TASK PROMPT: Every entry that follows should be repeated exactly; drop the images.

Items from a dataset
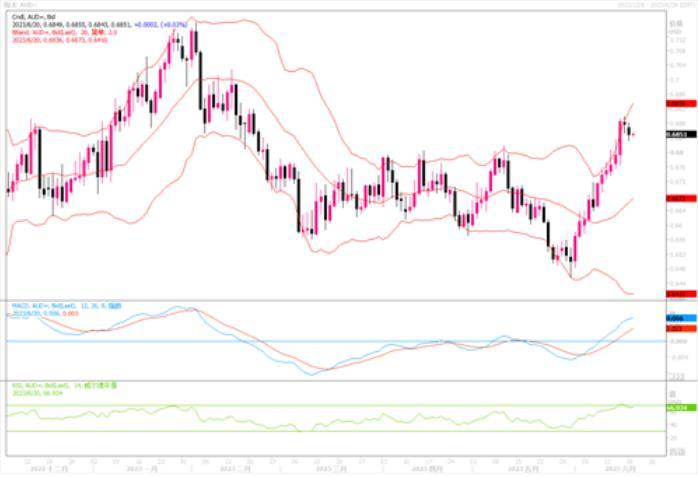 周一(6月19日)澳元兑美元周一从数周高点回落,上周曾大涨近2%并触及四个月高点0.6900美元,这也是一个关键阻力水平。澳元在不到三周的时间内已涨0.04美元,涨势反映了全球风险情绪普遍改善,以及投资者对澳洲加息预期的急剧转变和就业数据的乐观表现。利率期货现在暗示,目前4.1%的现金利率将在4.6%左右达到顶峰,这与一个月前一些人认为将在3.85%触顶有了明显变化。澳洲央行周二将公布6月政策会议记录,将提供更多关于前景的线索,届时澳洲央行副总裁布洛克的讲话也将提供更多线索。如果会议纪要继续传达出未来继续加息的强烈信号,预料对于澳元的刺激作用将会继续升高。短线澳元/美元继续面临一定的小幅下落调整走势风险,但整体上还是保持着较强烈的上冲倾向。
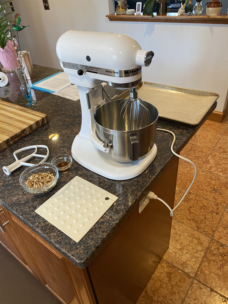The egg whites, at room temperature, are in the mixer bowl, and the silicone pad is to rest the hot pot on, should I need to put it down.
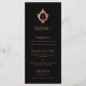 Above the text, there is a monogram in a vintage faux rose gold crest. The title "Menu" and the subtitles are written in caps. All text can be personalised and has a pink colour similar to the rose gold crest. The background is black. On the back, there is the same monogram in crest. The monogram is formed by the two initials separated by a thin line.
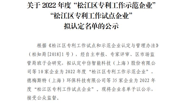 根據《松江區專利工作試點和示范企業認定與管理辦法》(松知局[2018]1 號),經自主申報、專家評審、區市場監管局班子會研究,擬認定上海非眾制冷設備有限公司等35家企業為 2022年度“松江區專利工作試點企業”。這標志著上海非眾一直堅持著高質量創新發展的道路上,發揮了較好的示范作用。
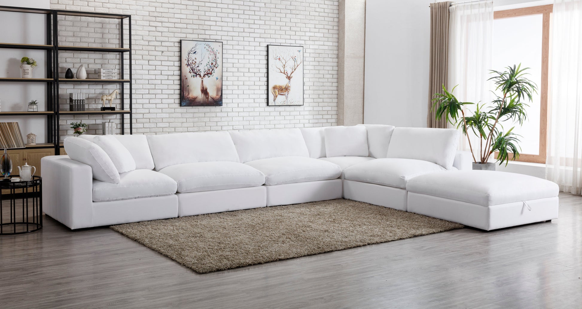 Rivas Contemporary Feather Fill 6-Piece Modular Sectional Sofa with Ottoman, White
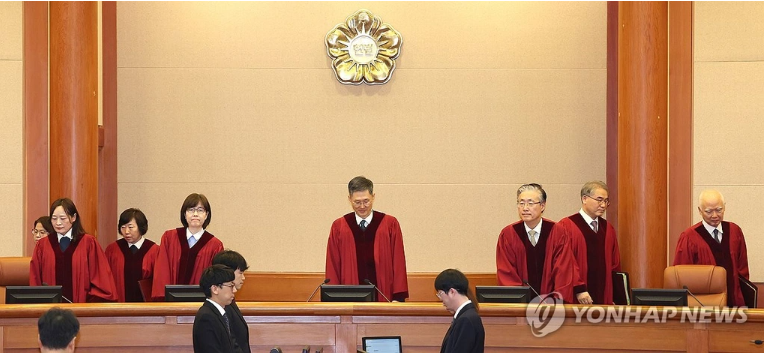 Các thẩm phán Tòa án Hiến pháp tại phòng xử án ở Seoul vào ngày 14/1 (Ảnh: Yonhap).

SOLUTION:
 周一(6月19日)澳元兑美元周一从数周高点回落,上周曾大涨近2%并触及四个月高点0.6900美元,这也是一个关键阻力水平。澳元在不到三周的时间内已涨0.04美元,涨势反映了全球风险情绪普遍改善,以及投资者对澳洲加息预期的急剧转变和就业数据的乐观表现。利率期货现在暗示,目前4.1%的现金利率将在4.6%左右达到顶峰,这与一个月前一些人认为将在3.85%触顶有了明显变化。澳洲央行周二将公布6月政策会议记录,将提供更多关于前景的线索,届时澳洲央行副总裁布洛克的讲话也将提供更多线索。如果会议纪要继续传达出未来继续加息的强烈信号,预料对于澳元的刺激作用将会继续升高。短线澳元/美元继续面临一定的小幅下落调整走势风险,但整体上还是保持着较强烈的上冲倾向。
The egg whites, at room temperature, are in the mixer bowl, and the silicone pad is to rest the hot pot on, should I need to put it down.
 Above the text, there is a monogram in a vintage faux rose gold crest. The title "Menu" and the subtitles are written in caps. All text can be personalised and has a pink colour similar to the rose gold crest. The background is black. On the back, there is the same monogram in crest. The monogram is formed by the two initials separated by a thin line.
 根據《松江區專利工作試點和示范企業認定與管理辦法》(松知局[2018]1 號),經自主申報、專家評審、區市場監管局班子會研究,擬認定上海非眾制冷設備有限公司等35家企業為 2022年度“松江區專利工作試點企業”。這標志著上海非眾一直堅持著高質量創新發展的道路上,發揮了較好的示范作用。
 Rivas Contemporary Feather Fill 6-Piece Modular Sectional Sofa with Ottoman, White
 Các thẩm phán Tòa án Hiến pháp tại phòng xử án ở Seoul vào ngày 14/1 (Ảnh: Yonhap).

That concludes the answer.